India's Path to 2047 prosperity lies in subnational growth strategies, says RBI Deputy Governor Poonam Gupta
May 11, 2026
New Delhi [India], May 11 : India's ambition to achieve high-income status by 2047 will depend less on national-level macro policy alone and more on how effectively states craft and execute growth strategies tailored to their local strengths, the Reserve Bank of India's Deputy Governor Poonam Gupta said in a speech at the Columbia Indian Economy Summit 2026 on Monday. She argued that sustaining or exceeding recent growth trajectories requires "extending our growth frameworks at the subnational levels," with policy priorities differing sharply between above-median and below-median states.
Gupta projected that if the growth patterns of the past two decades are sustained, "the average state per capita income could approach high-income thresholds by 2046-47." She noted that "below-median states are projected to contribute substantially to this expansion, reinforcing the broad-based nature of India's growth story." This signals a shift from the earlier era of sharp income divergence toward a more inclusive and balanced development trajectory.

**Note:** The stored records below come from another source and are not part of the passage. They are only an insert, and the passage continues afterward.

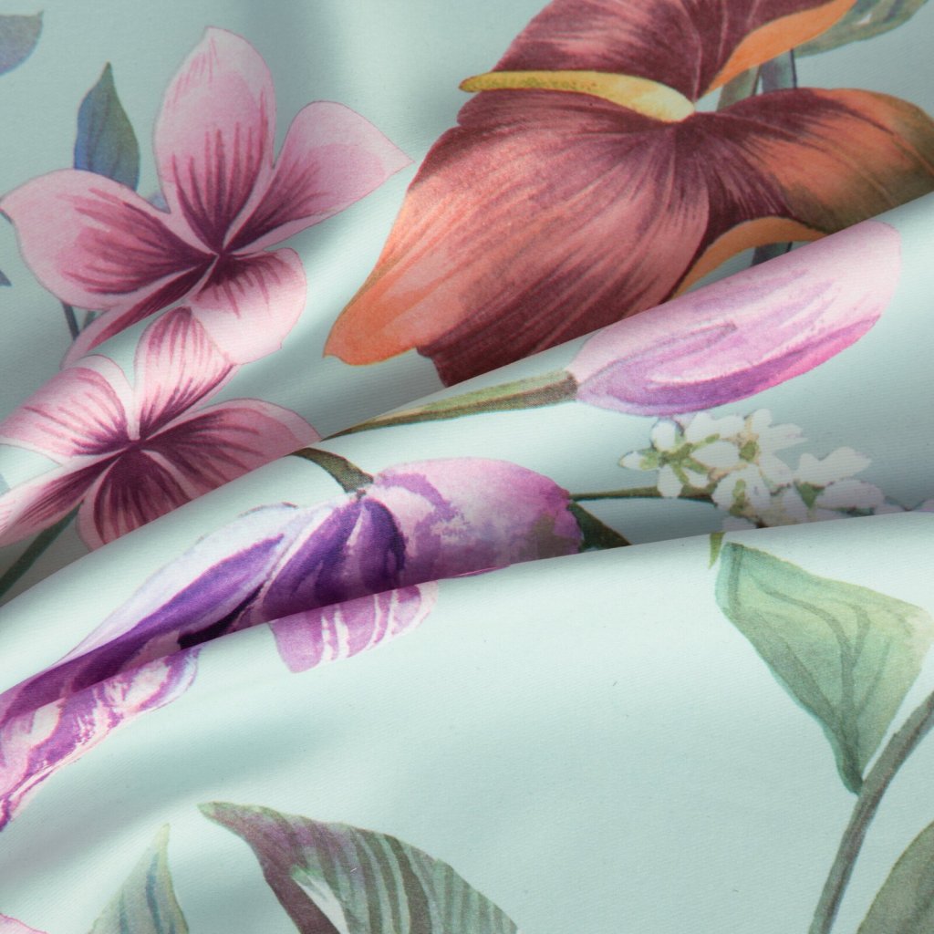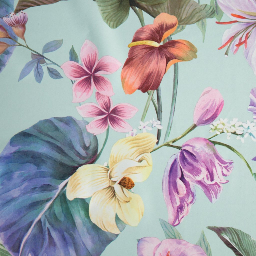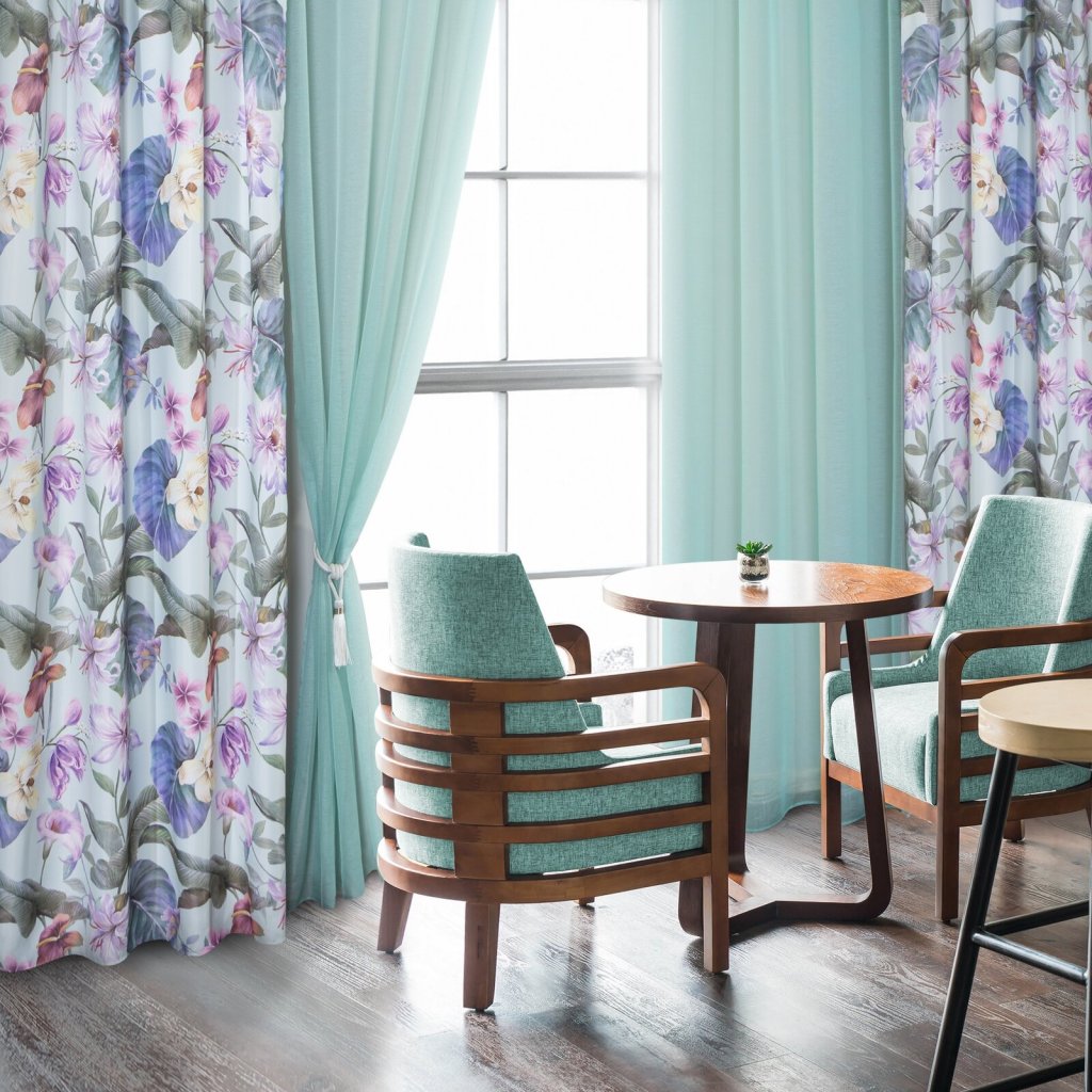 Závěs z jemné tkaniny zdobený potiskem s motivem exotických listů a květin. Vysoká úroveň stínění. Šířka: 140 cm, délka: 270 cm, barva: vícebarevná, hmotnost: 210 GSM, složení: 100 % polyesterDoplňkové parametry
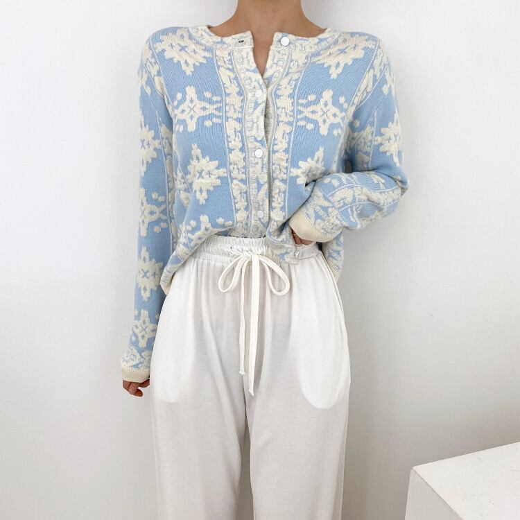 トップス レディース カーディガン 袖あり 長袖 ラウンドネック 襟なし 刺繍 ボタン ボタンダウン 前開き 厚手 青 水色 ブルー ライトブルー 黒 ブラック 柄 花柄 フラワー モノグラム 民族衣装風 エスニック エキゾチック レトロ かわいい 大人可愛い 大人 大人女子 きれいめ おしゃれ お洒落 ラブリー キュート ガーリー 個性的 10代 20代 30代 学生 通学 デート お出かけ 女子会 休日 イベント 普段使い カジュアル こなれ感 ラフ ルーズ 抜け感 冬 重ね着 あったか 暖かい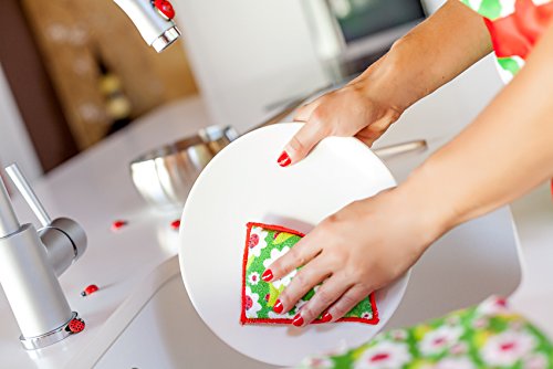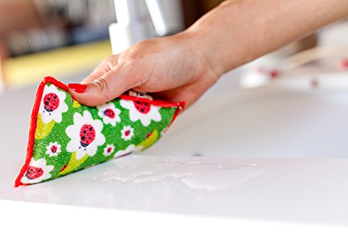 Vigar Ladybug Microfiber Double Use Sponge 2-Pack, 5-Inches by 3-1/2-Inches, Green, White, Red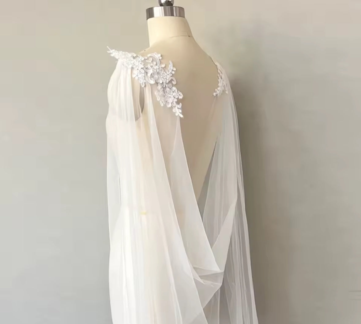 • Functions as a long bridal cape or bridal cloak, perfect for both indoor and outdoor weddings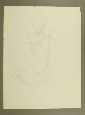 Hockender weiblicher Akt, Hände auf der linken Schulter; hockender weiblicher Akt, Hände auf der linken Schulter durchgestrichenGerhard Marcks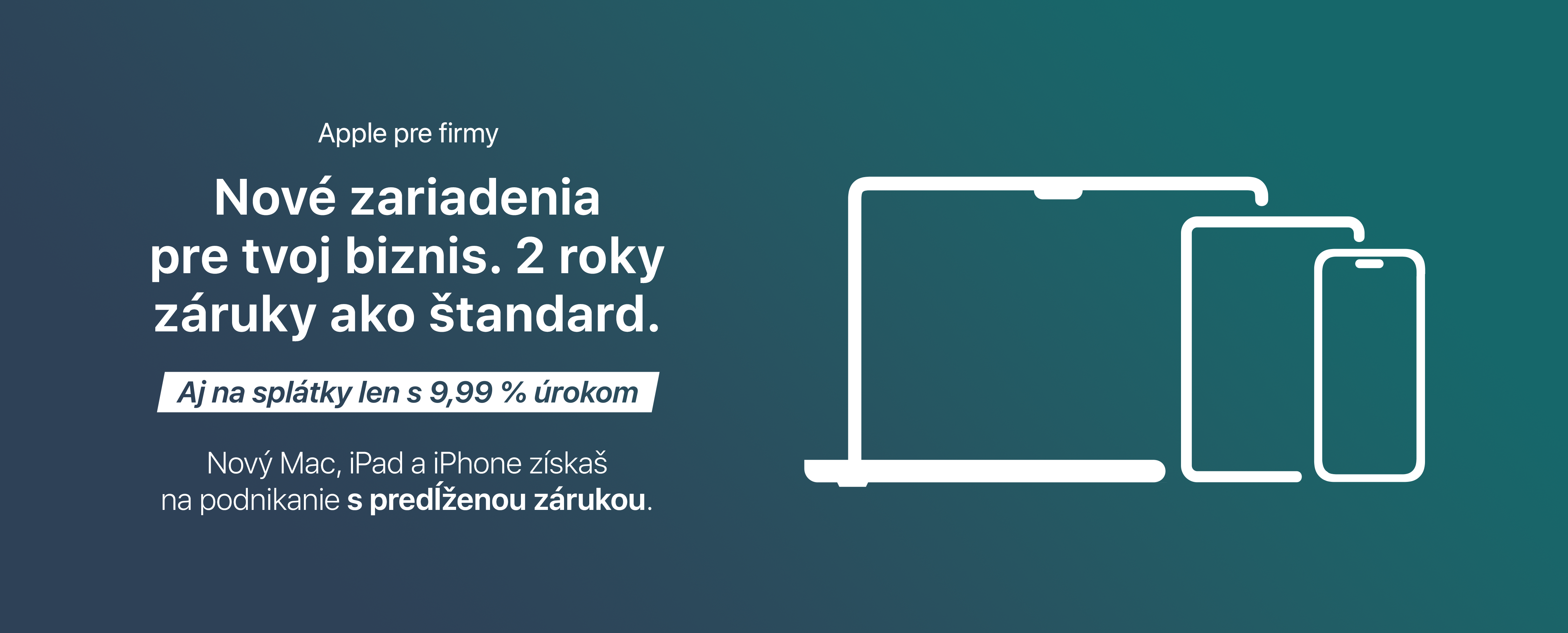 Modernizovat firmu tak nikdy nebylo jednodušší. Vše o výhodách a možnostech financování najdete na istores.sk/appleprefirmy – a možná zjistíte, že to, co váš byznys potřebuje, je jen správně zvolený Mac, iPad nebo iPhone.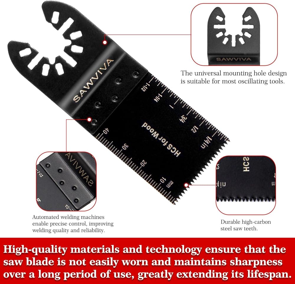 Universal Fit: SAWVIVA 100pcs Oscillating Multitool Blades feature a universal fit, compatible with most oscillating tools available in the market. This compatibility ensures hassle-free installation and a secure fit, enabling seamless operation and productivity.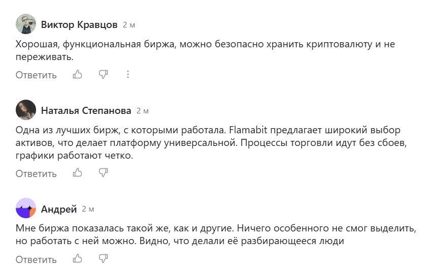 В положительной обратной связи пользователи указывают, что с биржей FlamaBit ничего плохого не случилось, на криптобирже нет мошенников и на «Флама Бит» приятно работать. У трейдеров остались только хорошие впечатления от сотрудничества.
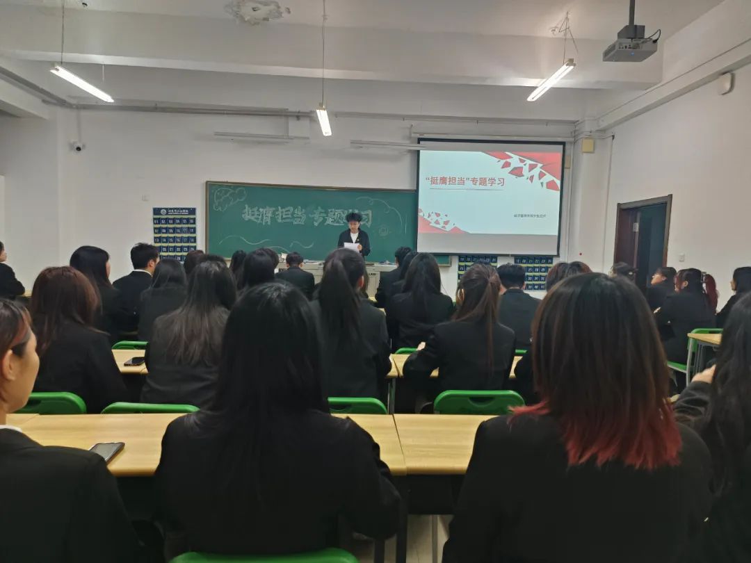 为深入学习贯彻党的二十大精神,加强学生干部思想政治教育,12月17日,经济管理学院学生组织在第二教学楼607教室开展“挺膺担当”专题学习活动。本次活动由经济管理学院团总支副书记马宏艳主持,各部门负责人参加。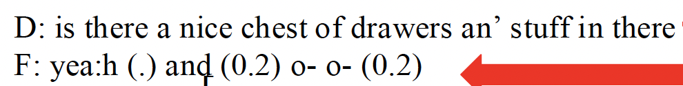 - delay + accounting for often in dispreferred responses eg: disagreement, rejection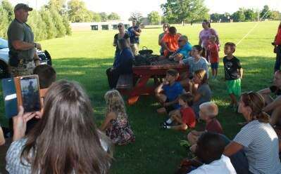 Officer Jeffrey Apgar talks about his role as Whitehall Township's police K-9 handler during a program honoring local heroes at Whitehall Township Public Library Aug. 8. Firefighters, ambulance personnel and others were honored for their service during the event.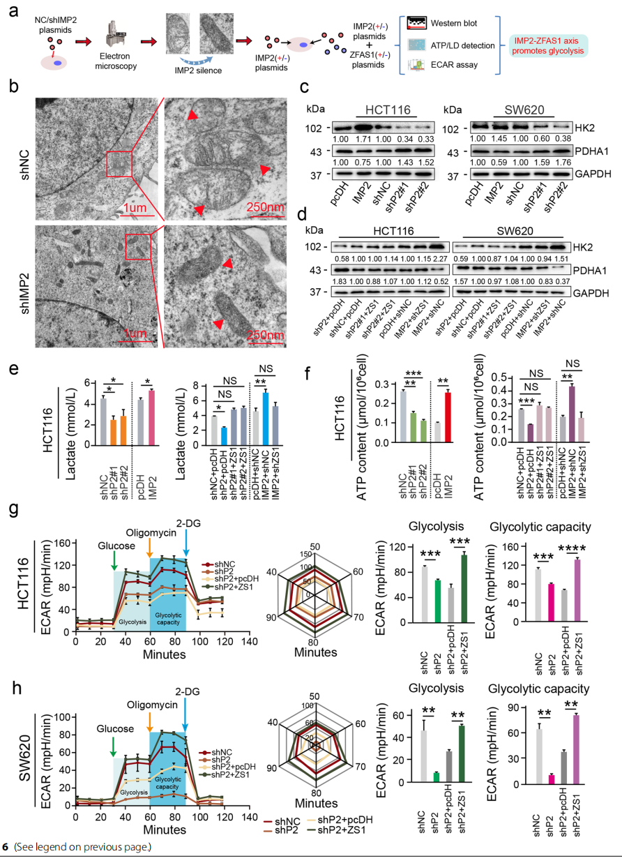 通過(guò)電子顯微鏡觀察到IMP2沉默后線粒體形態(tài)發(fā)生變化,即發(fā)現(xiàn)CRC細(xì)胞中線粒體明顯腫脹和受損,IMP2沉默后線粒體的形態(tài)回復(fù)正常(圖6b)。同時(shí)IMP2的過(guò)度表達(dá)促進(jìn)了HK2(糖酵解的關(guān)鍵蛋白)的表達(dá),抑制了PDHA1(氧化磷酸化的關(guān)鍵蛋白)的表達(dá)(圖6c)。然而ZFAS1沉默/過(guò)度表達(dá)和IMP2過(guò)表達(dá)/沉默后,HK2和PDHA1的表達(dá)水平得到恢復(fù)(圖6d)。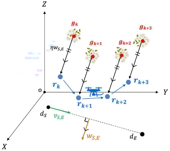 To transform the flower’s position from the drone-relative coordinate system to the ENU coordinate system, we use the drone’s position and attitude corresponding to the timestamp closest to the image capture time. The ENU coordinates of a flower can be transformed into using , (), and . This transformation enables the representation of flower locations in a consistent geographic reference frame, which is essential for subsequent flight path planning. Let the coordinates of the n-th detected flower be denoted by and let the total number of detected flowers be N. The set of all detected flower positions is then represented as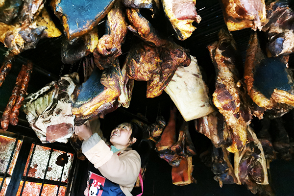 中國彭水網(wǎng)(融媒體記者 陳興盛 攝影)近日,梅子埡鎮(zhèn)佛山村村民張梅在掛臘肉。春節(jié)將至,又到臘肉飄香時(shí),各地群眾趕制臘肉、臘腸等臘味,備年貨迎接新年。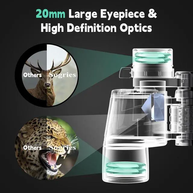 HD & High-Contrast Images--The BAK-4 prisms and FMC multi-coated broadband green film in these bird watching binoculars produce crisp images, accomplish correct colour reproduction, and have a light transmittance of up to 99.5%. These features also help to prevent glare and protect our eyes. The zoom binoculars offer brighter eyesight in low-light situations like twilight but not for completely black nights. Clear low-light vision.

For above-median states, Gupta said the focus should be on "innovation and scale, planned urbanization, attracting global and domestic talent, expanding market share both domestically and internationally, and actively taking part in shaping national frameworks on trade, FDI, and finance." These states are expected to drive India's competitiveness in technology, capital markets and global supply chains.
In contrast, below-median states need to prioritize "unlocking productivity in agriculture and reimagining the sector; building skills; integrating more in the national and international labour markets, complementing more advanced states, particularly in labour-intensive activities." She also emphasized the importance of "emulating proven best practices nationally and internationally while developing niche strengths, and strengthening fiscal capacity to support faster growth."
Gupta highlighted the distinct but complementary roles of the Centre and states in accelerating growth. While "many macro policies are formulated at the national level" -- including monetary policy, financial sector regulation, trade, exchange rate and industrial policy -- states hold decisive levers over "the ease of doing business environment; land and labour market conditions; quality and reach of education and health services; delivery of public services; and enhancing the quality of public finances." She stressed that "strengthening all of these in a holistic framework would be important to accelerate the rate of growth of prosperity for each one of the states and thereby the national average."
The speech also pointed to encouraging signs of convergence in welfare outcomes. Gupta observed that "the pace of income divergence has weakened considerably with the growth gap between richer and poorer states narrowing over successive decades." At the same time, "convergence has been faster and more decisive across a wide set of welfare and development indicators: per capita consumption expenditure, literacy, nutrition, access to basic services, financial inclusion, and a range of health and gender outcomes." She said lagging states are catching up, making the distribution of wellbeing across India "more equal."
Gupta further noted that prosperity is "both India's ambition and its destiny," but the central question has shifted from whether India will prosper to how quickly, how broadly, and how equitably that prosperity is shared. Realising this potential, she said, "would require moving towards state-specific growth strategies that are anchored in local strengths, structural realities, and their respective stages of development."
She called for "holistic assessments, richer dialogues, greater awareness, specific actions across states, alongside learning from each other, to fully leverage their existing strengths and building new comparative advantages." In essence, India's Viksit Bharat vision by 2047 will be built not just on national policy reforms but on a mosaic of state-led strategies that complement each other while addressing local challenges.